Riddled with inner turmoil, “the DeSantis campaign was too much of a DeSantis fan club.” The blame for his campaign's bizarre decisions ultimately rests with DeSantis himself. Had he listened to his advisors earlier, he might have avoided the most obvious pitfalls: the glitchy X campaign launch, the hyper fixation on wokeness, and his allergy to liberal media. All of which he was advised against doing, and most importantly, the people who challenged these decisions were soon replaced—like Dave. The sad irony is that he often acquiesced to the advice of his advisors soon after relieving them of their duties (these claims are laid out in a comprehensive postmortem by Marc Caputo).
DeSantis used his position as governor to take what can only be described as personal vendettas against Bud Light and Disney. The former in response to using a trans woman in an ad; the latter in response to Bob Chapek’s remarks about HB 1557, better known as the ‘Don’t Say Gay Bill.’ In neither case does it seem to be for the benefit of his constituents; instead, it appears to be in service of DeSantis’s ego. He also personally intervened to get a relatively minor political rival jailed in a sham conviction that was recently overturned.
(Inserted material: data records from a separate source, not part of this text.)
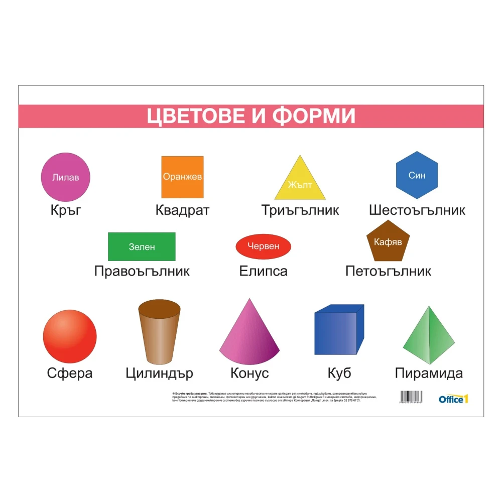 Office 1 Ученическо табло ''Форми и цветове'', ламинирано, 50 x 70 cm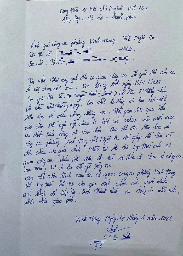 Sau đó, Công an phường đã liên hệ với gia đình để đón em L.T.A. về nhà. Gia đình nạn nhân đã gửi thư cảm ơn lực lượng Công an phường Vinh Hưng vì sự vào cuộc nhanh chóng, kịp thời.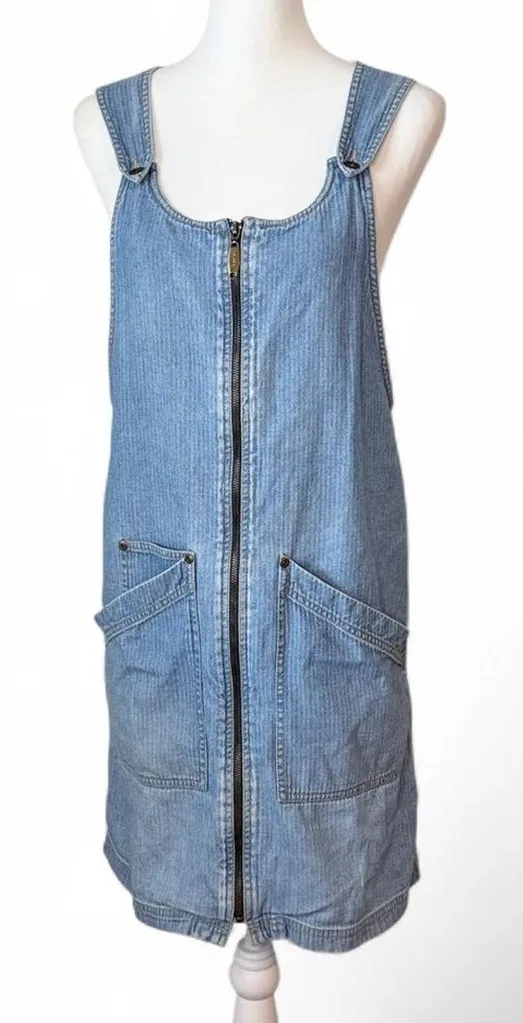 90s Denim Dress Striped overall dress Small 18” pit to pit 35” long Good condition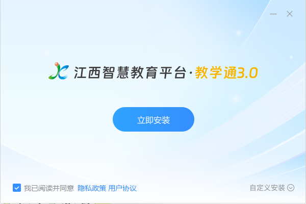 3.双击打开,进入赣教云教学通3.0软件界面,选择目的地位置,软件将被安装到以下列出的文件夹中,要选择不同位置,建入新的路径,点击立即安装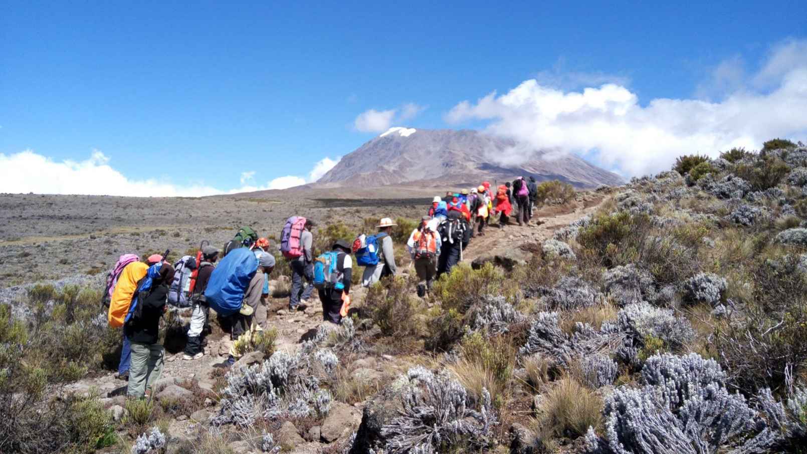 The morning hike is a steady ascent up to the Second Cave with superb views of Kibo and the Eastern ice fields on the crater rim.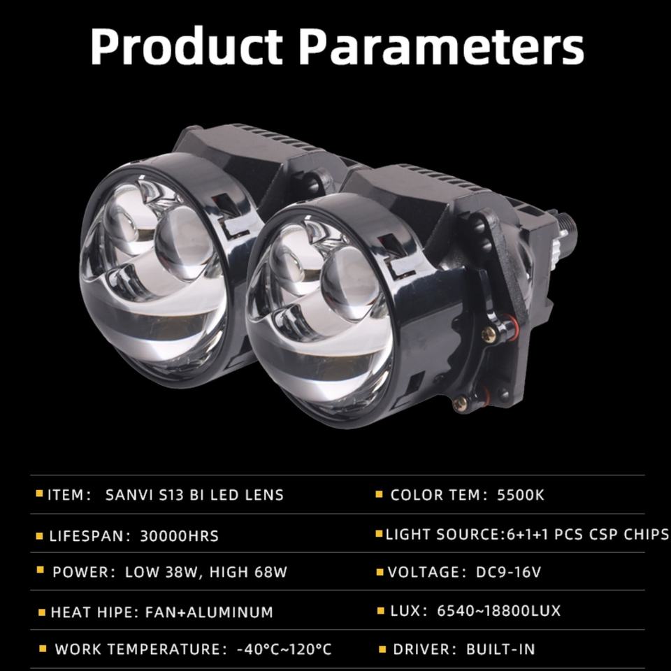 ไฟหน้าโปรเจคเตอร์ Sanvi Smart 3 นิ้ว รุ่น S13 Bi LED เลนส์คู่ สำหรับรถยนต์ ขายส่งออนไลน์ 68w 5500k แสงสว่างสูงพิเศษ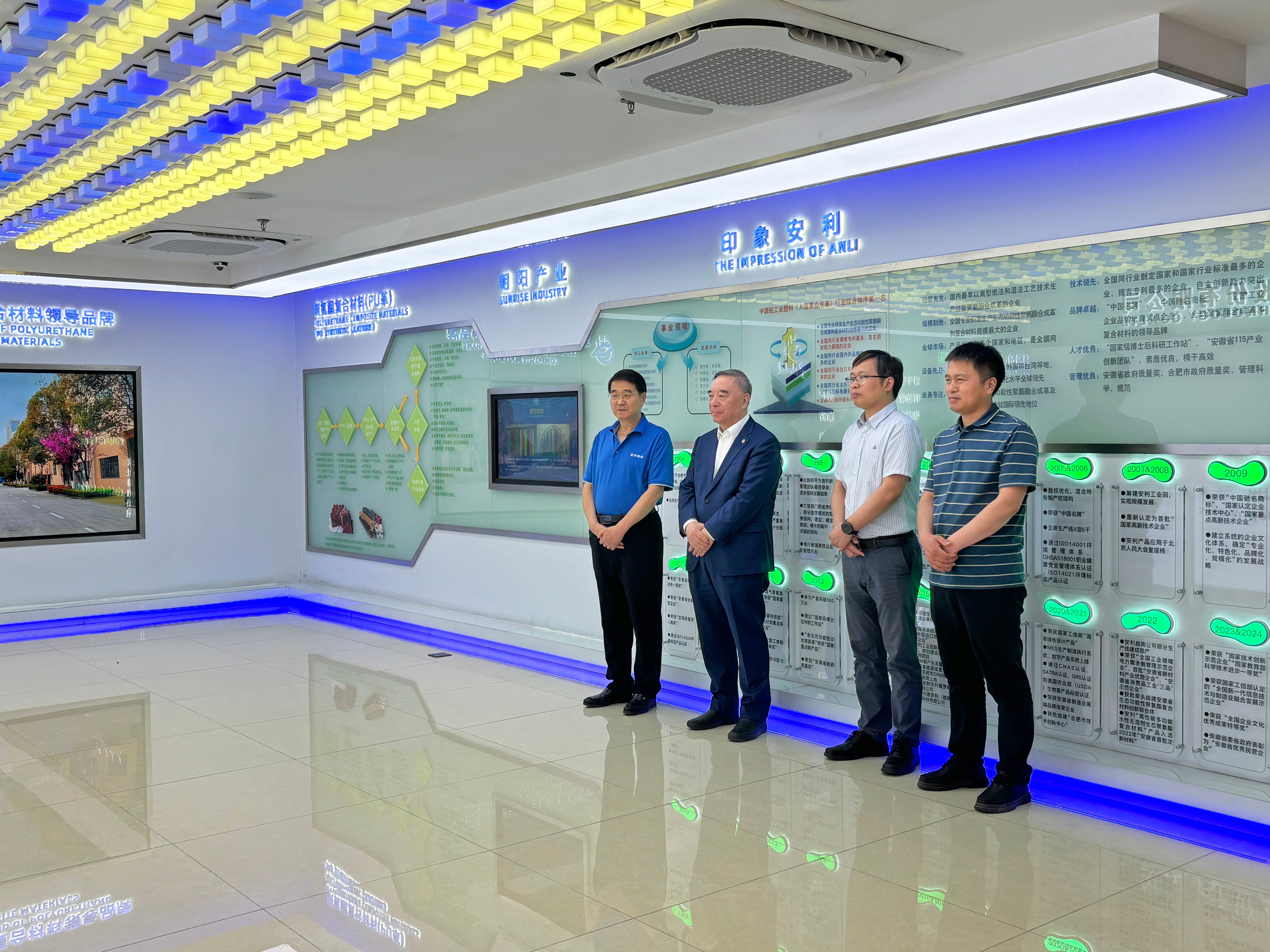 在产品展厅,琳琅满目的聚氨酯复合材料样品和产品实物有序陈列。公司产品在消费电子、汽车内饰等领域的高端应用成果,吸引了众人目光。宋志平会长对安利股份在材料科技领域的深厚积累与创新活力,表示充分肯定和高度认可。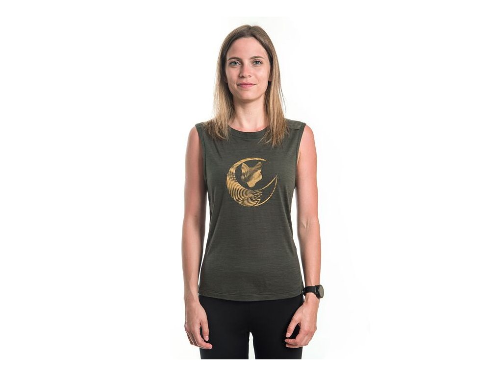 SENSOR MERINO AIR FOX dámske tričko bez rukávov olive, zelená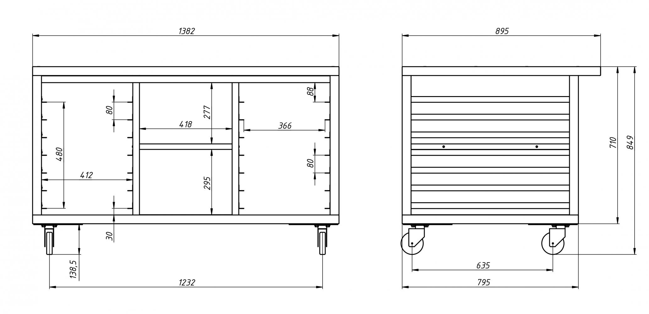 Подставка Grill Master используется совместно с печью ШЖГ/1 на предприятиях общественного питания, торговли и пищевых производствах для хранения противней размером 600х400 мм. Материал изделия - высококачественная нержавеющая сталь и окрашенная сталь.

His stance toward January 6th and the 2020 election are likewise Trumpian. In August of last year, two-and-a-half years after the attempted insurrection, DeSantis publicly dismissed Trump’s 2020 claims. This comes after spending much of that time deflecting from the question, campaigning for election-denying candidates, promising pardons for convicted insurrectionists, and instituting an election interference police force whose only accomplishment is arresting and intimidating eligible voters.
While it is improbable that he would induce a constitutional crisis on the order of Trump, it’s clear that the poor decisions on the campaign trail were a manifestation of his dictatorial temperament and that his ego can drive his political decisions to the detriment of his constituency. All this is to say that DeSantis is an arrogant, ego-driven buffoon that surrounded himself with sycophants and took issue with Trump’s election claims only when forced to by the exigencies of campaigning against the man himself. In a word, he is Trumpian (it’s also worth noting that at least one sub-faction of the Republican Party is ecstatic at his comparison to the fascist dictator of Hungary, Victor Orbán).
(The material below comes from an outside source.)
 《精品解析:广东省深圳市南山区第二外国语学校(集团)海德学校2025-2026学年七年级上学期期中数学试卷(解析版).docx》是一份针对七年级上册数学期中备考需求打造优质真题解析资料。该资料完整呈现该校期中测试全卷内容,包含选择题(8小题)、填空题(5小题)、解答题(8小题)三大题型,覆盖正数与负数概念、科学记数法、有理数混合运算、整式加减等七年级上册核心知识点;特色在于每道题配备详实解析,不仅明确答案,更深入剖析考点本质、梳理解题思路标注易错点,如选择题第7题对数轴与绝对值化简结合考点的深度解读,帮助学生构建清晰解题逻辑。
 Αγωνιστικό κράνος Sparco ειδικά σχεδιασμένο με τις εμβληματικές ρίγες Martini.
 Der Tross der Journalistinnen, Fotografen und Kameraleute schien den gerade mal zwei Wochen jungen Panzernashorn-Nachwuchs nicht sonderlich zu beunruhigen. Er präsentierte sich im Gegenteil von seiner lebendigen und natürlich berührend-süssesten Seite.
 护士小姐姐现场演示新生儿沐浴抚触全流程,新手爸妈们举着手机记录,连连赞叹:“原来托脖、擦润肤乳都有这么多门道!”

DeSantis supporters agree with Trump’s policies and backed a candidate who embodied many of the same shortcomings as Trump. The explanation for this about-face is simply pragmatic. As Dan McLaughlin explains, first, “You cannot assemble a winning coalition without [the Trump faction],” for they are close to a majority within the party. Second, you must hold the coalition together for the general election, and the best person to do that is someone who appeals to both the New Right and the Reaganite wings of the party. DeSantis is better suited for this task than Haley. The anti-Trump, pro-DeSantis wing has become unmoored in the exact manner they warned in 2016, eschewing nearly every philosophical and political objection they once espoused solely to win power.
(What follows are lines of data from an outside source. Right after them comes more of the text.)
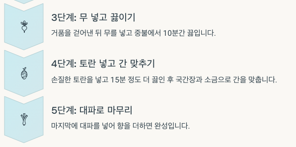4단계: 손질한 토란을 넣고 15분 정도 더 끓인 후 국간장과 소금으로 간을 맞춥니다.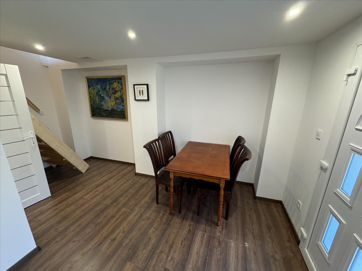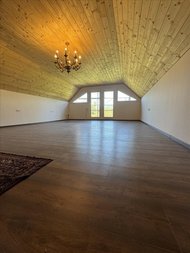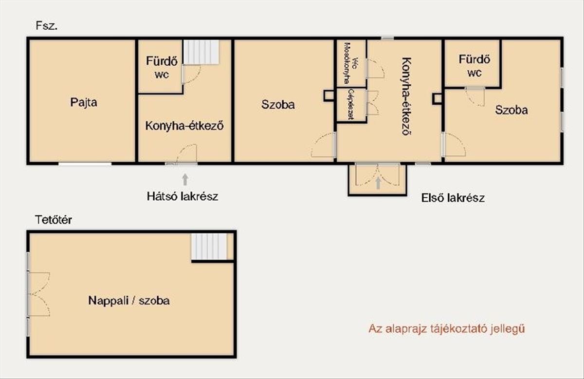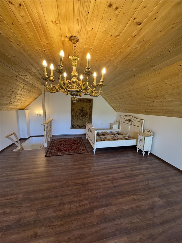 A hátsó lakrész (65nm -es) kétszintes: alul egy tágas konyha-étkező található ill. a fürdőszoba, az emeleten egy nagy szoba mely a pajta felett is elhúzódik. a szoba ablakából gyönyörű panoráma nyílik a környező hegyekre. a fűtés itt elektromos radiátorokkal ill. Hűtő-fűtő klímával megoldható (kiállások adottak).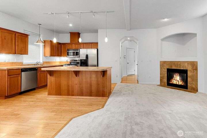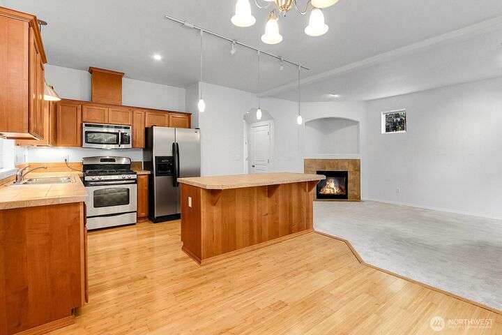 Stand-alone home in the Crossings at North Creek. Main level features 9-ft ceilings, open-concept living/dining areas, gas fireplace, powder room & access to fenced backyard. The chef’s kitchen is equipped with gas range, stainless appliances +undermount lighting. Upstairs, the spacious primary suite offers French doors, walk-in closet, and 5-piece bath. Addl highlights include tankless water heater, central vac, gas forced air heat, and 2-car garage. The top-level flex space is perfect for a bedroom, home office, or bonus room. Terms: 1st, sec dep equal to 1 month rent minus application fee. 6+ month lease. No smoking. 1 small dog ok, under 30 lbs. No co-signers. Renters insurance reqd. Min credit score: 700+. Verified income ratio: 3:1.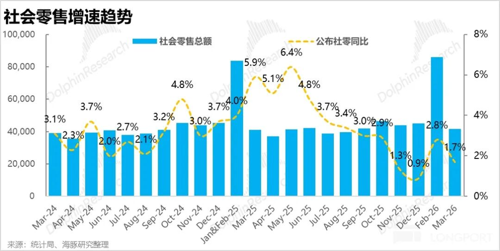 本文源自微信公众号“海豚研究”,作者为海豚君,原标题为《3月社零点评:消费倒春寒?问题有多大》
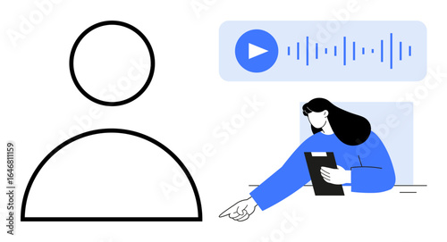 Woman pointing while holding a tablet, next to an audio waveform and playback button. Ideal for technology, audio content, digital tools, streaming, modern work, communication, simple landing page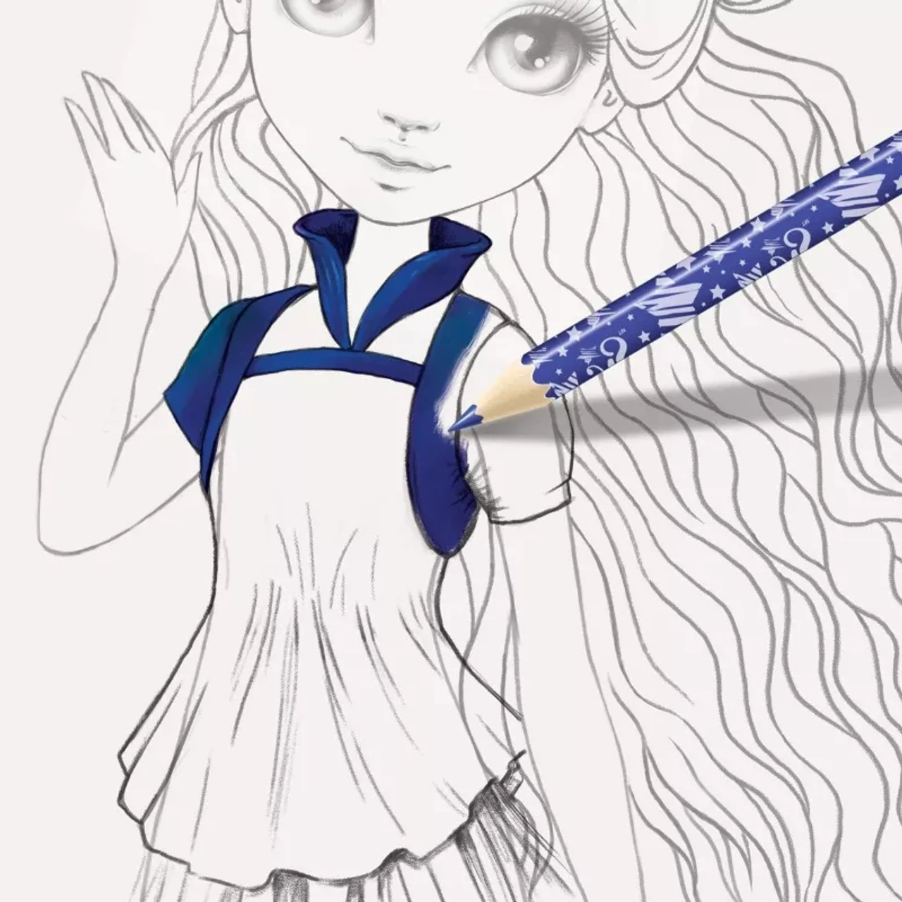 Contents: 45 sketch pages, 80+ stencils, 3 rub-on patterns, 5 colouring pencils, 2 colour & colour-in sticker pages, 8 drawing techniques, Nebulia’s full story, colour theory & instructions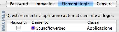 (freeware): 2. Configurare Soundflower Soundflower è un driver audio virtuale che si comporta esattamente come una periferica reale (una scheda audio), con i suoi input e i suoi output. Dopo aver installato il pacchetto e riavviato, per prima cosa si deve fare in modo che l'applicazione Soundflowerbed (compresa nell'installer) venga caricata all'avvio di OSX. Per far questo andare in Preferenze di Sistema/Account/Elementi login e aggiungere Soundflowerbed dalla cartella Applicazioni.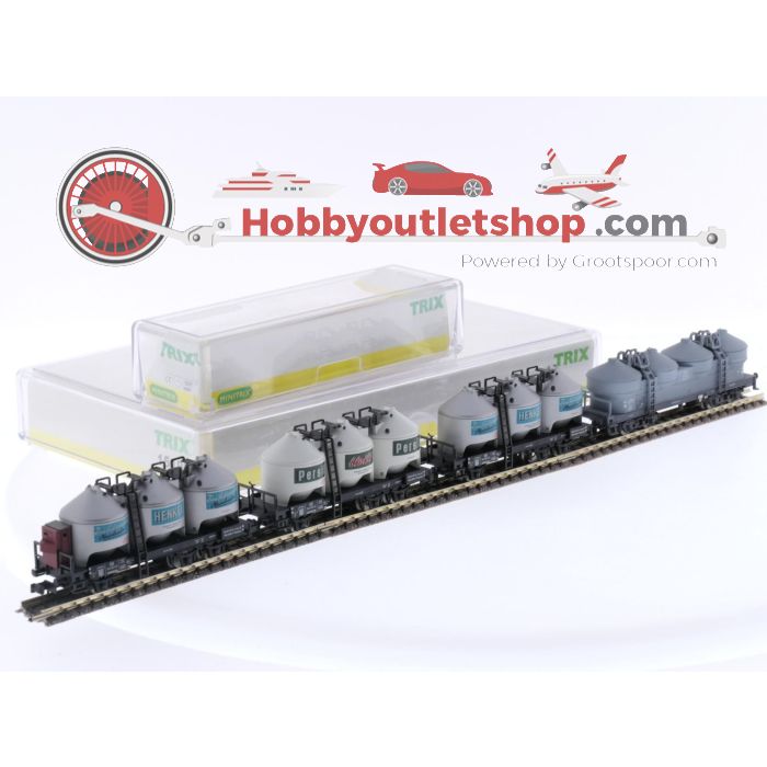 Schaal N Minitrix 15190 & 15193 silowagen & stofcontainerwagen an de DB #5512

As Ron DeSantis supporters find themselves wondering what to do from here, it’s important to remind them that they buy into the same victimhood logic as Trump supporters that justifies the use of state power against their enemies, agree with Trump’s policies, backed a Trump-lite candidate, and are just as obsessed with winning as their demagogic party leader. If electing a more respectable, competent fascist was ever in doubt, the ‘moderate’ wing of the Republican Party has answered unequivocally.
The question they should be asking themselves is not “Why did DeSantis lose?” but “Why did Trump win?” Why has the ‘moderate’ wing of the party dispensed with their 2016 objections? Under what conditions are people susceptible to demagoguery like Trump’s? What role did conservatives like the editors at the National Review play in creating and sustaining those conditions? Until these questions are squarely faced and tackled by American Conservatives, we will continue to see a backslide into right-wing authoritarianism within the Republican Party.
The road ahead for conservatives in America will be difficult if they genuinely want to rid their ranks of Trumpism, and it begins with honest, clear-eyed introspection. In a word, self-awareness.